What does Conway do? Does he try to falsify evidence to save his girlfriend? Does he sacrifice? Nope. He confesses and when no one believes him, he sort of just sits passively through the rest of the movie and hopes something will make it all better.

There’s no angst, no guilt. Conway even tells the district attorney he didn’t report the incident because Armstrong brought it on himself. It is, apparently, an attempt to mix noir with righteousness. And, wow, does it fail.

What makes Court so awkward is what it does with the space left empty by the lack of internal conflict. It does nothing. The movie only runs an hour. It doesn’t try comedy, it doesn’t try introducing a subplot (there aren’t any in the film), it doesn’t try anything at all.

Until Armstrong dies, Criminal Court has a lot of potential. Armstrong’s just great here. Conway’s fine, but unable to overcome the script. O’Driscoll’s writing is worse, but her performance is still weak.

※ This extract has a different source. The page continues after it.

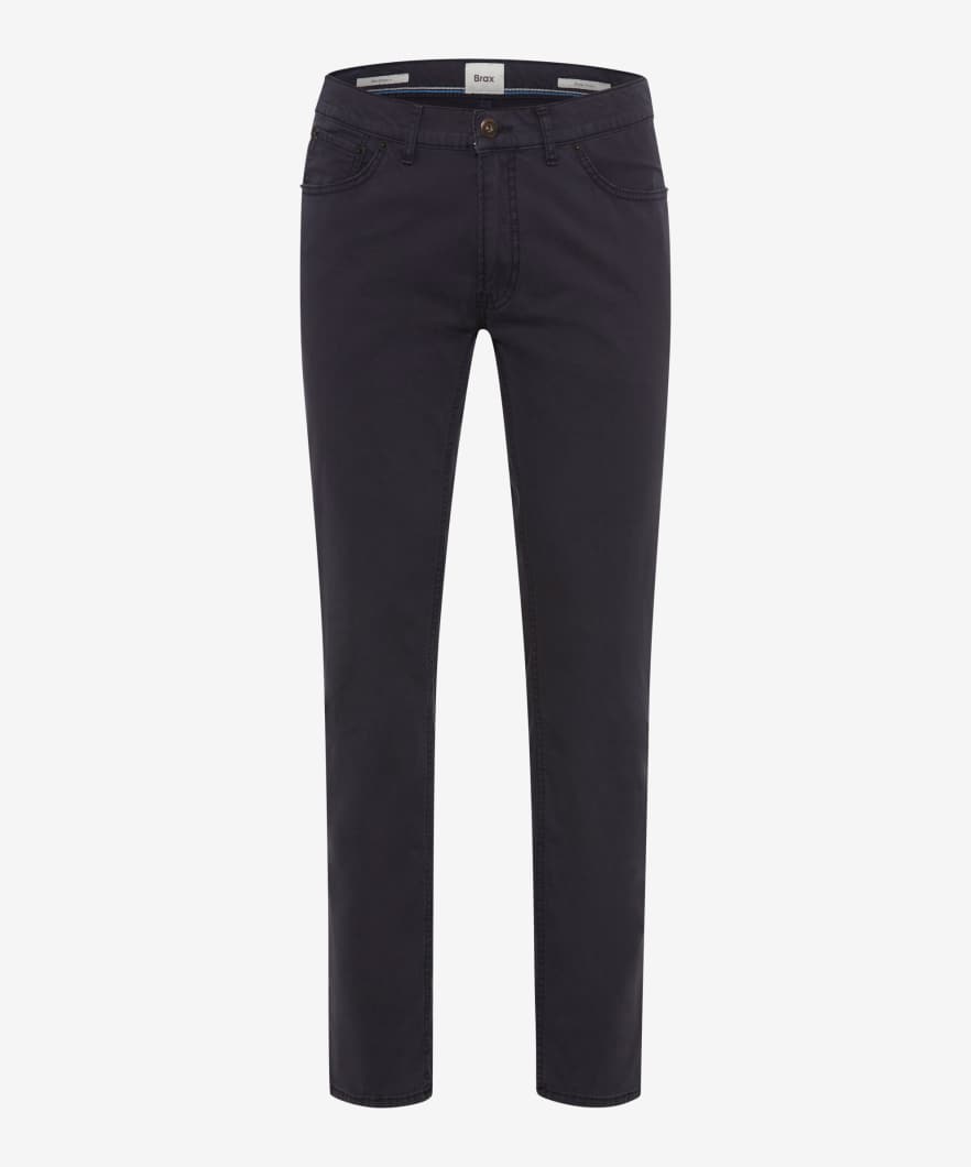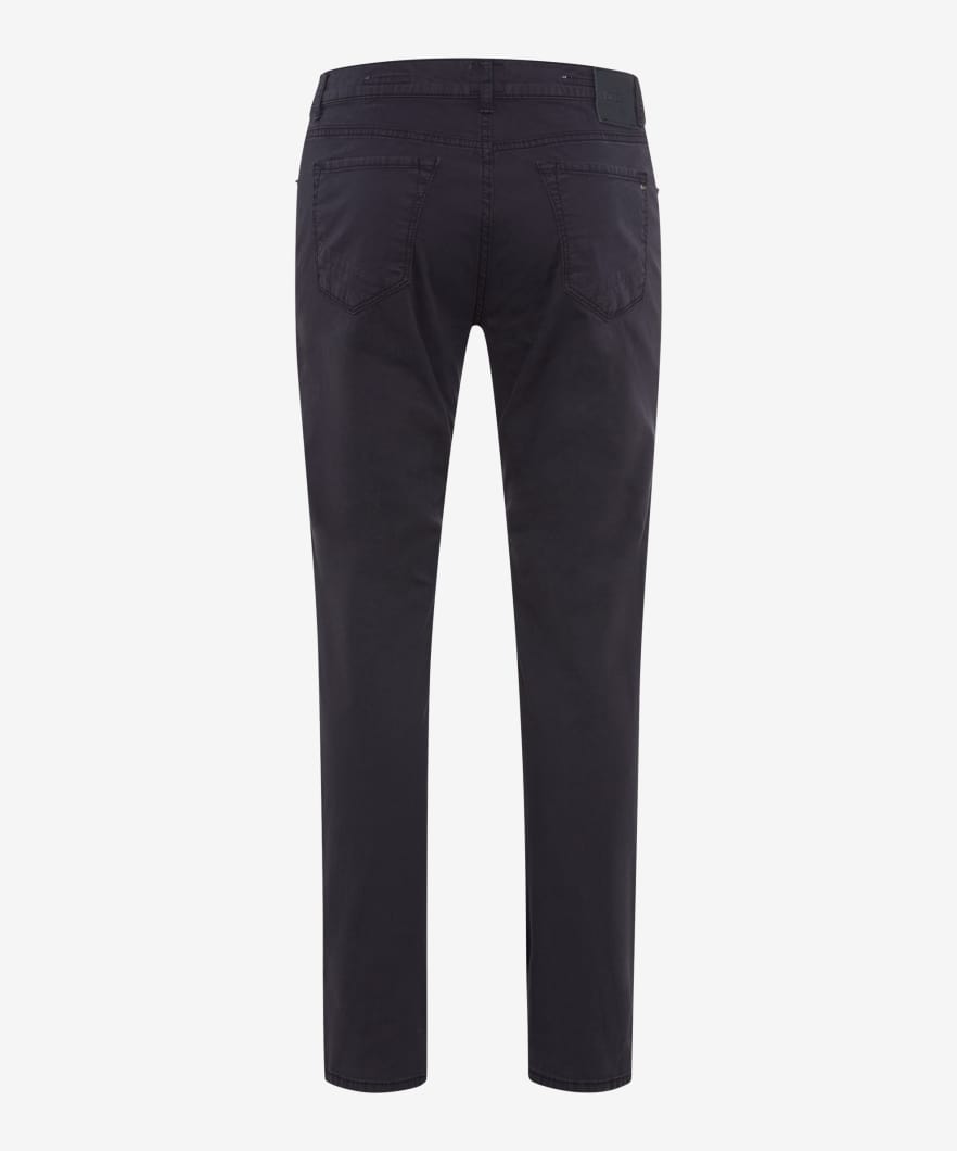 A trend piece for men - the Style CHUCK. Fashion-conscious and smart, combine comfortable sneakers or boots with these five-pocket pants. The modern fit men's pants are fashionable and versatile with a slim fit and a regular rise. The proven look of these pants is particularly due to the elaborate pocket design. In addition, they are worked with imitation leather trim and decorative rivets. Exclusive by BRAX: The Marathon fabric. Extra-fine and durable fibers are spun round state-of-the-art elastane yarns for real feel-good moments. The texture, which enlivens the fabric with its eye-catching appearance is also self-confident and exciting. The sustainable, easy-care and skin-friendly cotton mix also offers a first-class feel with these five-pocket pants.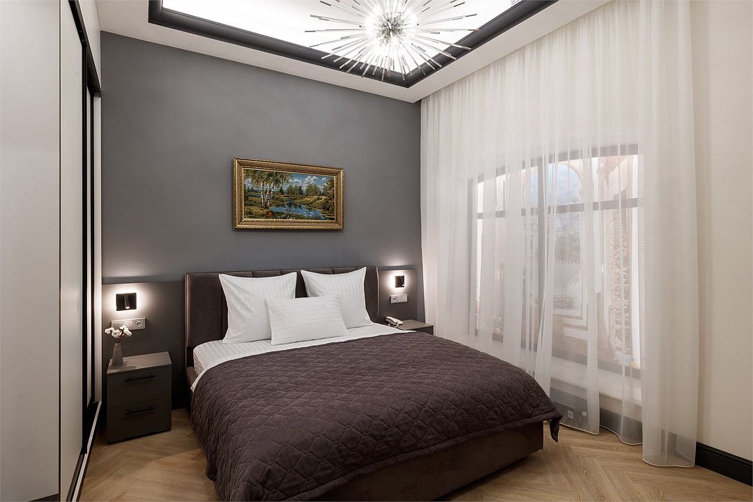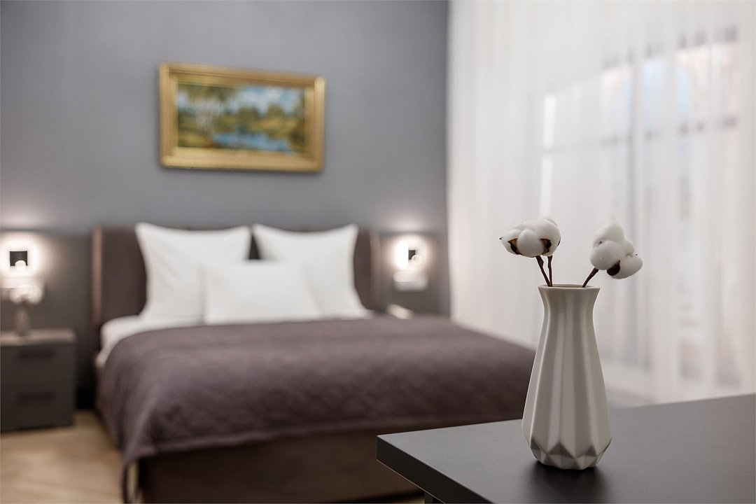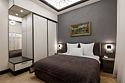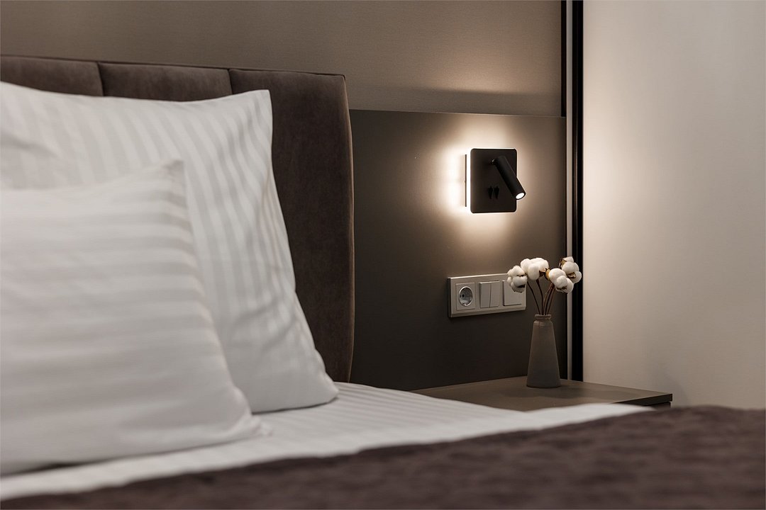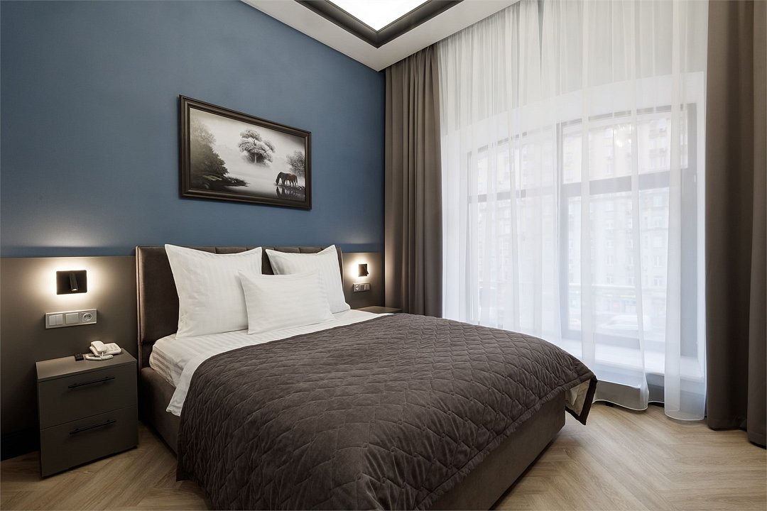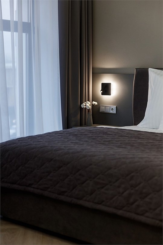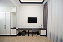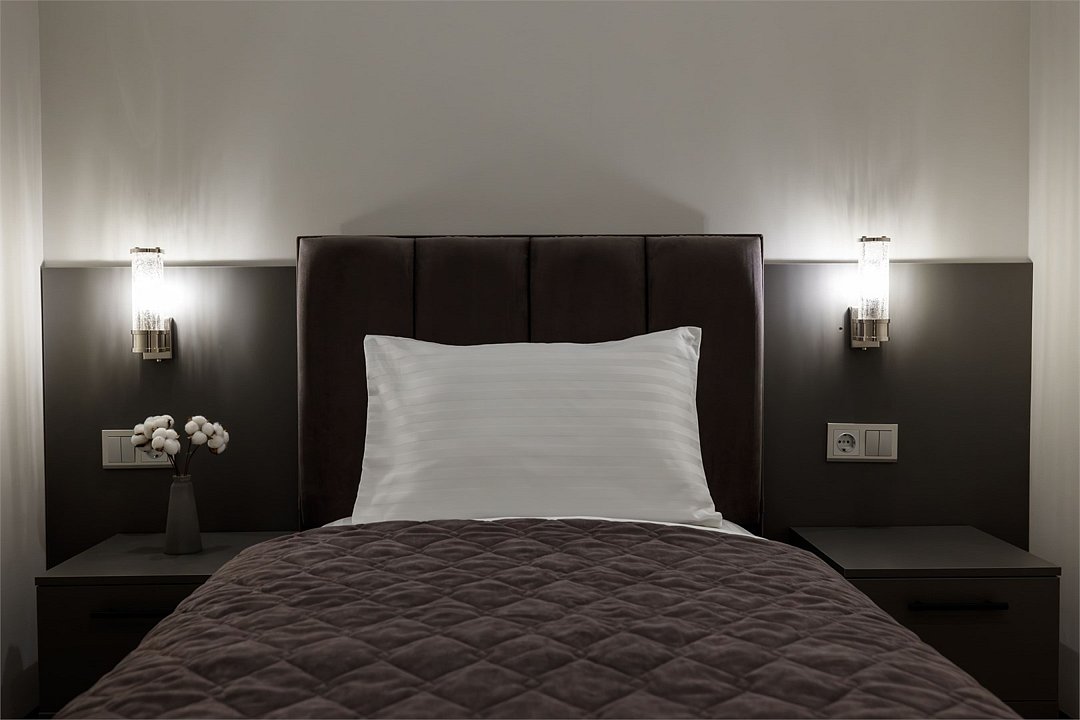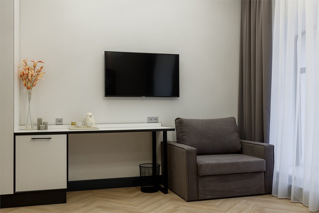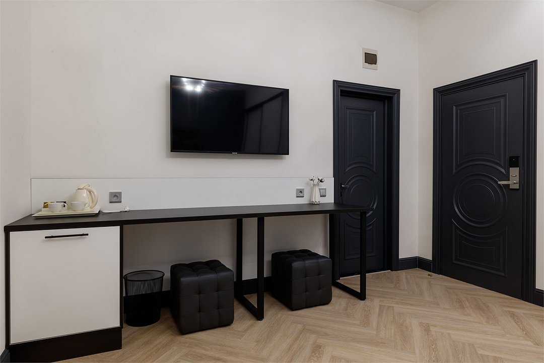 Однокомнатный просторный номер с фальш-окном (без окна), площадью 24 кв.м. В номере: двухспальная кровать, гардероб, телевизор, кондиционер, мини-холодильник, стол, стул, электрический чайник, набор посуды, ванная комната: душ, фен, полотенца, косметические принадлежности, тапочки, халат.Услуги и удобства

The supporting cast is excellent, Steve Brodie and Joe Devlin in particular.

Wise’s direction has occasional flourishes–a dolly shot here and there–but it’s fairly static and unimaginative overall, as though he couldn’t feign interest either.

Cute finale though.



Directed by Robert Wise; screenplay by Lawrence Kimble, based on a story by Earl Felton; director of photography, Frank Redman; edited by Robert Swink; music by Paul Sawtell; produced by Martin Mooney; released by RKO Radio Pictures.

Starring Tom Conway (Steve Barnes), Martha O’Driscoll (Georgia Gale), June Clayworth (Joan Mason), Robert Armstrong (Vic Wright), Addison Richards (District Attorney Gordon), Pat Gleason (Joe West), Steve Brodie (Frankie Wright), Robert Warwick (Mr. Marquette), Phil Warren (Bill Brannegan) and Joe Devlin (Brownie).